- _Exercise directions_
As the lines appear below, please set them down exactly, starting at the first and finishing with the one containing "Pon cuidadosamente la".

- _Supplied material_
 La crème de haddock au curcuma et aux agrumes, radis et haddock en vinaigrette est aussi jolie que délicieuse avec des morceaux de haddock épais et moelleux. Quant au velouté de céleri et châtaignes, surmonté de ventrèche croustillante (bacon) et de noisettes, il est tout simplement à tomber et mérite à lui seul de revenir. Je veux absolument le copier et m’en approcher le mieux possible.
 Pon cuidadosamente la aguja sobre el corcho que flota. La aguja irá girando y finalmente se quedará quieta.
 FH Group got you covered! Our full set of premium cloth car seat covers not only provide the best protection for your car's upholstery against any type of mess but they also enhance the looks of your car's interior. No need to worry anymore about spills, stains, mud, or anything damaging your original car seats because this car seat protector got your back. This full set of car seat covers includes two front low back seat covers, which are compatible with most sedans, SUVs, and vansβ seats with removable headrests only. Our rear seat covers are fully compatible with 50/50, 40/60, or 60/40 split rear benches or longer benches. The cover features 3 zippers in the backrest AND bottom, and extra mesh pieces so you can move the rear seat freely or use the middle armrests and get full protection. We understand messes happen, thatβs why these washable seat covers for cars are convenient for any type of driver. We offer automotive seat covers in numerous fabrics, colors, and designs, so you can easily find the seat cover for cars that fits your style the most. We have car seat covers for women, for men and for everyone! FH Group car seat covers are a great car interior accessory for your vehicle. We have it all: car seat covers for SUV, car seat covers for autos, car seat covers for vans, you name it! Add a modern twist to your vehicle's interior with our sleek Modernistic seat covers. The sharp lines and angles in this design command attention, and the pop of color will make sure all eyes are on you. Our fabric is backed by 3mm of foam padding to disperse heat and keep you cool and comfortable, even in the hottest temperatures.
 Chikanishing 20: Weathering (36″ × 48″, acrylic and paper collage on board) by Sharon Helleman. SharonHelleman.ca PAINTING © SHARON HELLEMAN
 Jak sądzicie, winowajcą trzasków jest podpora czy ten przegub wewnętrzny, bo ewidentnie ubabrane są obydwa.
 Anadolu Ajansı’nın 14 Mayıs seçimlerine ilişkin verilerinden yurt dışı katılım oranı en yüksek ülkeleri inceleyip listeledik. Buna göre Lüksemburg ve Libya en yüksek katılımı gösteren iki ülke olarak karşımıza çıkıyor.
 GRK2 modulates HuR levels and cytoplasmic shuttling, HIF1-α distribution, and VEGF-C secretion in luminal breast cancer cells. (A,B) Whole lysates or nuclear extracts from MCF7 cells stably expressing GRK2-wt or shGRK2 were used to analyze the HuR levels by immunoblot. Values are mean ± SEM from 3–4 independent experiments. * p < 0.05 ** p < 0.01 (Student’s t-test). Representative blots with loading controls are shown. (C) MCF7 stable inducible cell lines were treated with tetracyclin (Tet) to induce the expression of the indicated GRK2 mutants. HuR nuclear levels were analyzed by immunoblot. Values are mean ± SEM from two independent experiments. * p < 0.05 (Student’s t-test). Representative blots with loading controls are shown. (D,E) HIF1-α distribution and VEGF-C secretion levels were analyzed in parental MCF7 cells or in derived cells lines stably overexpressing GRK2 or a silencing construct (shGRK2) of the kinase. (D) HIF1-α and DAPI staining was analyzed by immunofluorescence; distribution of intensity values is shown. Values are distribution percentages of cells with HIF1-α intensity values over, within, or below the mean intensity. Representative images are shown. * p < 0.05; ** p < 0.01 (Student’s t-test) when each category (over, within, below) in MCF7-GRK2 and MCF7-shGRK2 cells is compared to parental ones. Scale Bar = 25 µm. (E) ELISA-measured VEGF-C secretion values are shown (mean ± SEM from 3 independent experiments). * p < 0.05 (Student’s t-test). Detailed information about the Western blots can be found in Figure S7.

- _Answer for the task_
 La crème de haddock au curcuma et aux agrumes, radis et haddock en vinaigrette est aussi jolie que délicieuse avec des morceaux de haddock épais et moelleux. Quant au velouté de céleri et châtaignes, surmonté de ventrèche croustillante (bacon) et de noisettes, il est tout simplement à tomber et mérite à lui seul de revenir. Je veux absolument le copier et m’en approcher le mieux possible.
 Pon cuidadosamente la aguja sobre el corcho que flota. La aguja irá girando y finalmente se quedará quieta.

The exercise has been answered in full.